Quoted Companies Alliance
- Abbreviation: QCA
- Formation: 1992; 34 years ago
- Type: Nonprofit
- Legal status: Trade association
- Purpose: Advocate for small and mid-size public companies
- Location: London, United Kingdom;
- Region served: United Kingdom
- Members: 270+ (2025)
- Official language: English
- Chief Executive: James Ashton
- Funding: Membership fees
- Website: www.theqca.com
- Formerly called: City Group for Smaller Companies

= Quoted Companies Alliance =

U.K membership organization

The Quoted Companies Alliance (QCA) is a British trade association that champions the interests of small and mid-size quoted companies in the United Kingdom. The company is not-for-profit. The organisation campaigns on a wide variety of issues and organises surveys and events to inform its membership about making the most of public markets. The organisation has around 300 members of which nearly 200 are quoted companies.
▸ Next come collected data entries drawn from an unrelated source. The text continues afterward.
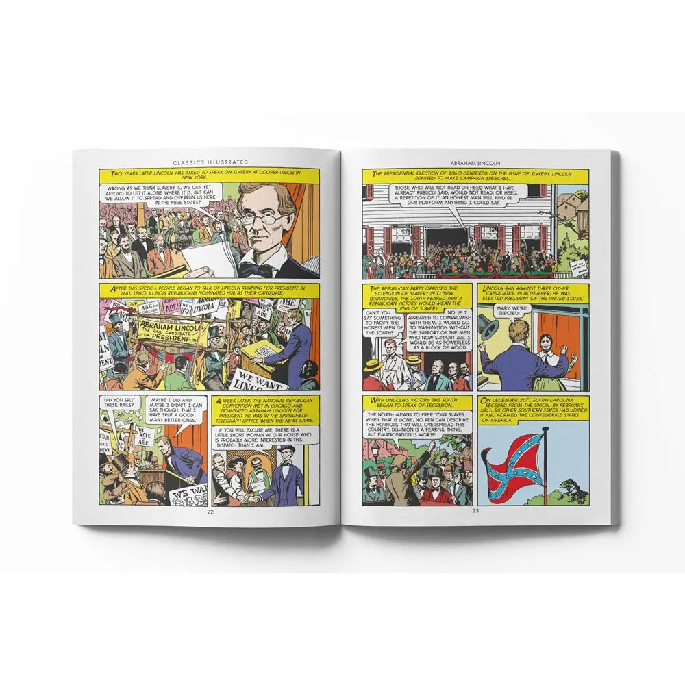 This illustrated biography presents the extraordinary life of Abraham Lincoln, the sixteenth President of the United States, through vivid comic strip storytelling. Designed to engage younger readers, it combines classic illustration with historical accuracy, providing both an accessible introduction and deeper insight into Lincoln’s legacy. The edition includes a detailed timeline of key events and study questions, making it a valuable resource for educators and students alike to explore the complexities of Lincoln's life and presidency.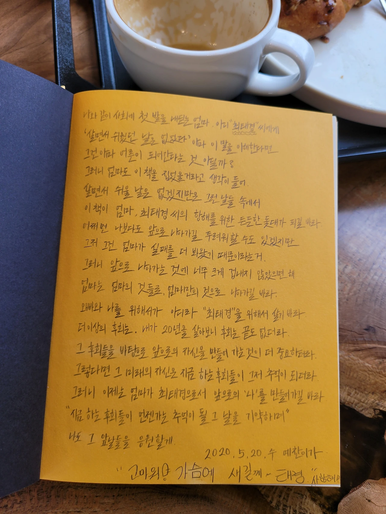 2020년 5월 20일, 딸아이가 서점에서 사주며 책머리에 남긴 글귀가 있다.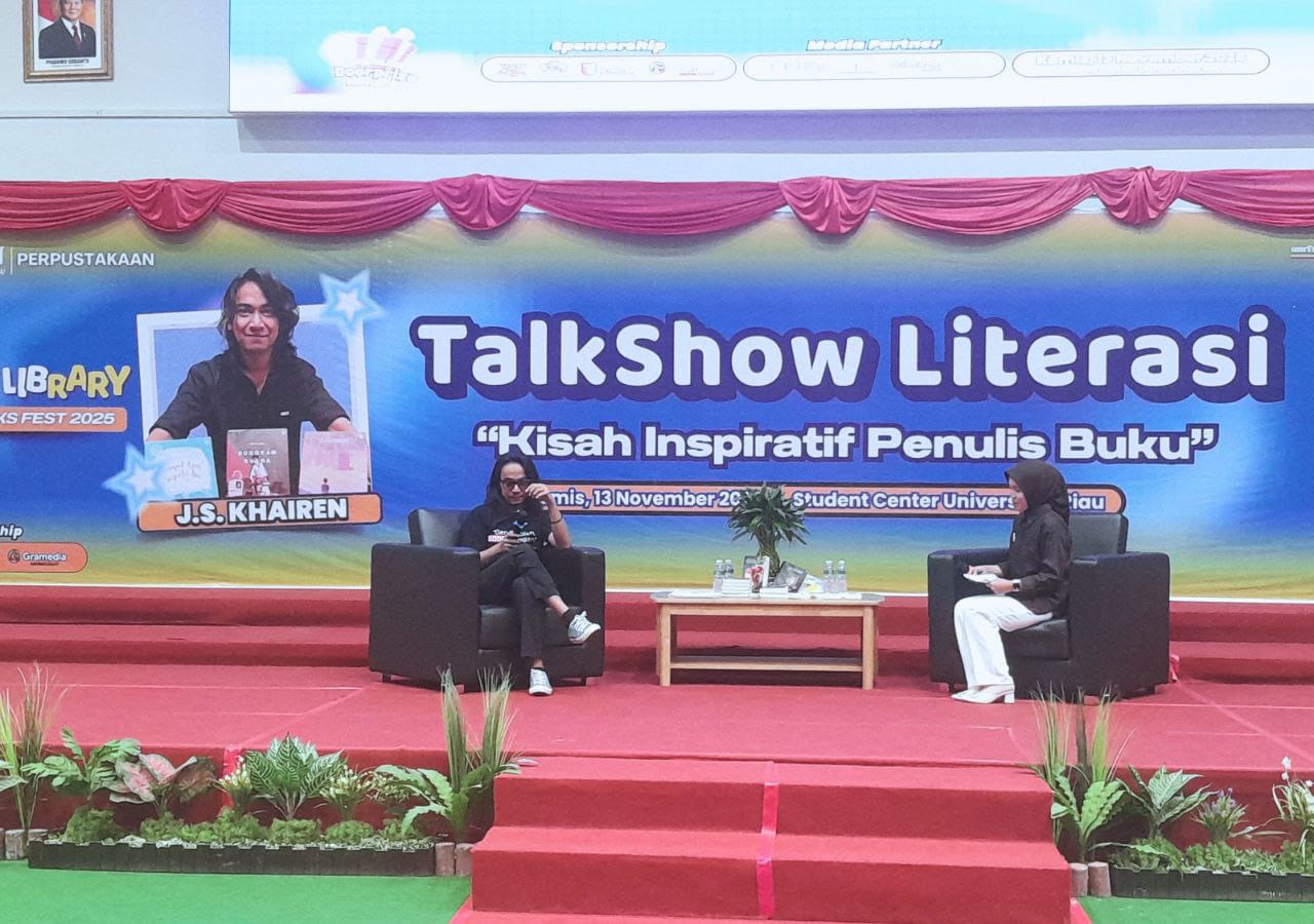 Perpustakaan Universitas Riau (Unri) taja Unri’s Library Art & Book Fest 2025 pada Kamis, 13 November 2025. Kegiatan bincang-bincang di Gedung Student Center ini boyong Jombang Santani Khairen, yang kerap disapa JS Khairen.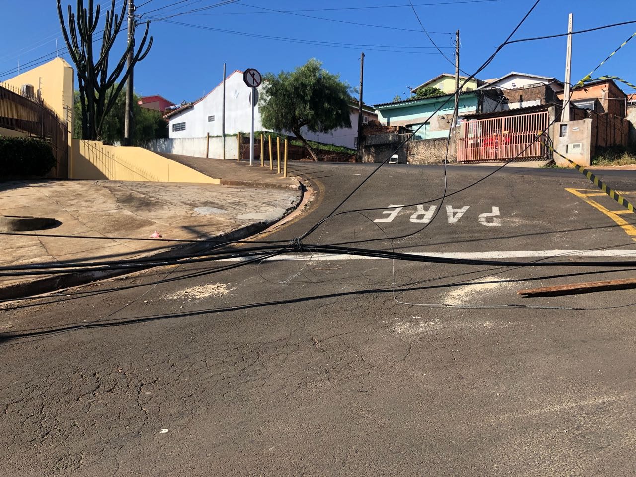 Uma cena que se repete quase que semanalmente. Um caminhão derrubou na tarde desta quarta-feira, dia 20, fios de energia e telefonia em uma esquina na Rua José Kléfens, região do Jardim Cristina.

The QCA operates 7 Expert Groups, made up largely of representatives from advisory member firms, that provide pro-bono work on behalf of its members. The expert groups are Primary Markets, Secondary Markets, Corporate Governance, Financial Reporting, Legal, Tax and Share Schemes.

== History ==
The organisation was founded in 1992 and until 2000 was called the City Group for Smaller Companies.

QCA's CEO is James Ashton.

==The QCA Corporate Governance Code==
The QCA publishes a corporate governance code, the QCA Corporate Governance Code, which is adopted by the vast majority (89%) of companies listed on the Alternative Investment Market (AIM) in the UK.